Protokoll der Sitzung vom 14.09.2006

Ich danke Herrn Abgeordneten Baasch. - Das Wort für die FDP-Fraktion hat Herr Abgeordneter Dr. Heiner Garg.

(Zuruf des Abgeordneten Torsten Geerdts [CDU])

Frau Präsidentin! Liebe Kolleginnen, liebe Kollegen! Ich „semmle“ niemanden an, das will ich von dieser Stelle ganz deutlich machen, Herr Kollege Geerdts.

Die Hoffnungen, die an die elektronische Gesundheitskarte geknüpft werden, sind hoch.

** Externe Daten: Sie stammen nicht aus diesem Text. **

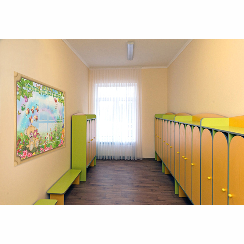 Необычный дизайн стенда подарит радостное настроение взрослым и детям. Стенд большого размера, оформлен в коричневую рамку. Имеет два ряда информационных карманов. Карманы прозрачные, предполагают размещение любой информации из-за отсутствия названий. Актуальным будет поместить информацию о режимных моментах группы, контактных телефонах воспитателей, списке группы. Стенд оформлен в лесной тематике: медвежонок сидит на поляне и собирает букет нежных цветов. В небе летают божьи коровки. Малыши могут не только любоваться красивым стендом, но и учиться произносить буквы, читая его название.
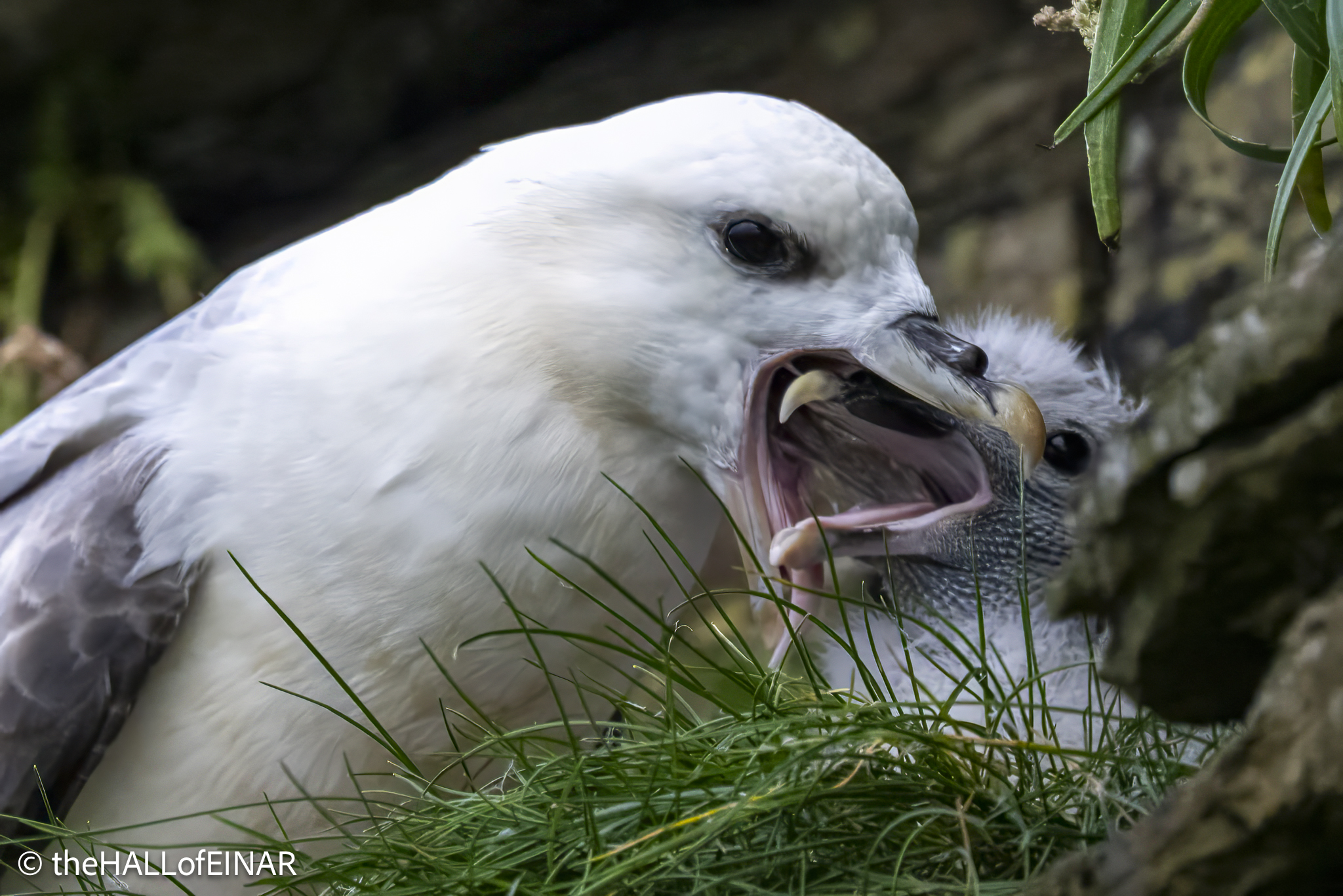 It’s rare that I get close photographs of Fulmars eating. They’re normally well offshore when I see them feasting on something. This adult has clearly been successful because it’s come back to feed its chick. It’s regurgitating food carefully into its chicks small beak.
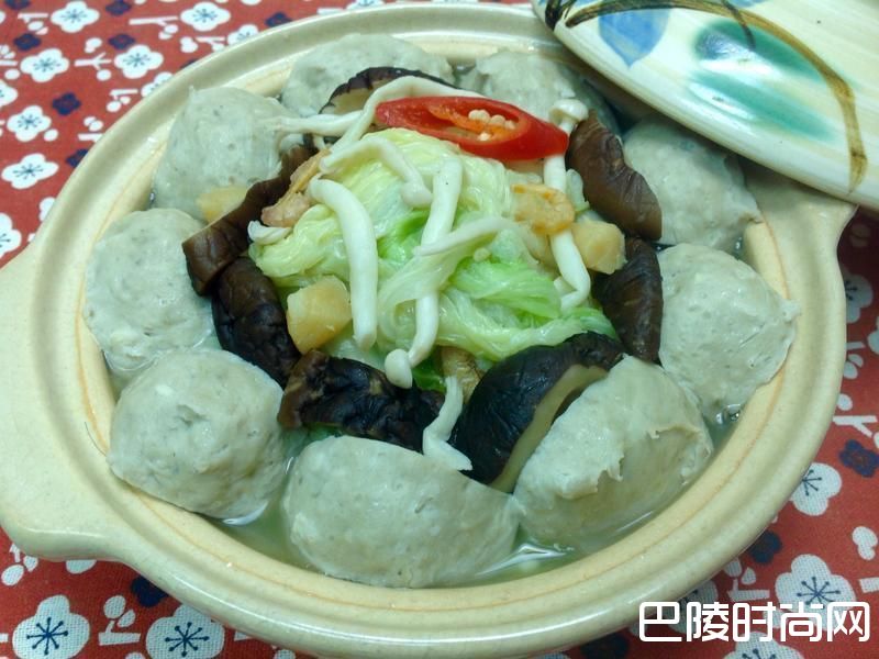 1爆香蒜片>香菇>金钩虾>干贝,炒软大白菜>木耳>美白菇>夙目鱼丸>辣椒(水酌量加)
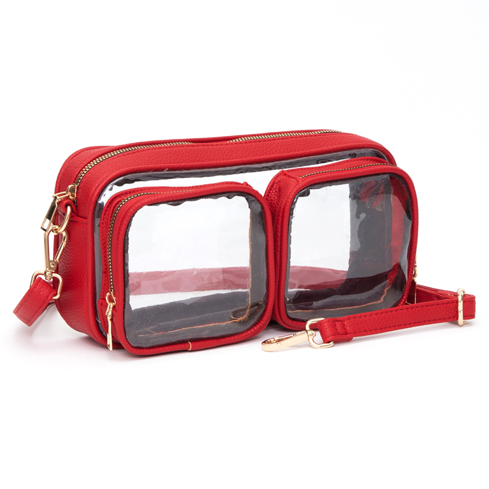 Details • Size : 10" X 4" X 5" • Strap Size : 41" L / Adjustable, Detachable • 2 Outside Zipper Pockets • Zipper Closure • Stay organized and event-ready with this clear stadium crossbody bag featuring dual front zip pockets and an adjustable strap. Compliant with venue regulations and perfect for concerts, sports games, and travel.

Was hat man sich nicht alles durch ihre flächendeckende Einführung versprochen. Unleserliche Rezepte wären beispielsweise Vergangenheit. Arzneimittelunverträglichkeiten würden ausgeschlossen, da Mediziner und Apotheker entsprechende Hinweise hinterlegen und später wieder abrufen könnten. Die gesamte Krankengeschichte in der Form einer elektronischen Patientenakte soll auch in Zukunft auf der Gesundheitskarte gespeichert werden. Röntgenaufnahmen, Arztbriefe und andere wichtigen Informationen sollen abrufbar sein, sodass Doppeluntersuchungen künftig überflüssig wären und im Notfall schnell Hilfe geleistet werden kann.

Die Krankenhäuser, niedergelassenen Ärzte und Zahnärzte sowie Apotheken sollen hierdurch besser

(Wolfgang Baasch)

miteinander kommunizieren können - und zwar zum Wohle des Patienten und zum Nutzen der Kostenträger. Die praktische Umsetzung der gesetzten Ziele ist allerdings in der Realität bisher eher ernüchternd.

Zwar besitzt Schleswig-Holstein den unschlagbaren Vorteil, bereits durch die Erprobung des sogenannten elektronischen Patientenausweises in Flensburg entsprechende praktische Erfahrungen gesammelt zu haben. Der im Bericht hervorgehobene technische Vorsprung gegenüber den anderen Testregionen in Deutschland kann deswegen aus unserer Sicht nicht oft genug betont und hervorgehoben werden. Vieles, was die Gesundheitskarte leisten soll, funktioniert in Flensburg bereits in der konkreten Anwendung auf regionaler Ebene vorzüglich und vorbildlich.

(Beifall bei BÜNDNIS 90/DIE GRÜNEN und des SSW)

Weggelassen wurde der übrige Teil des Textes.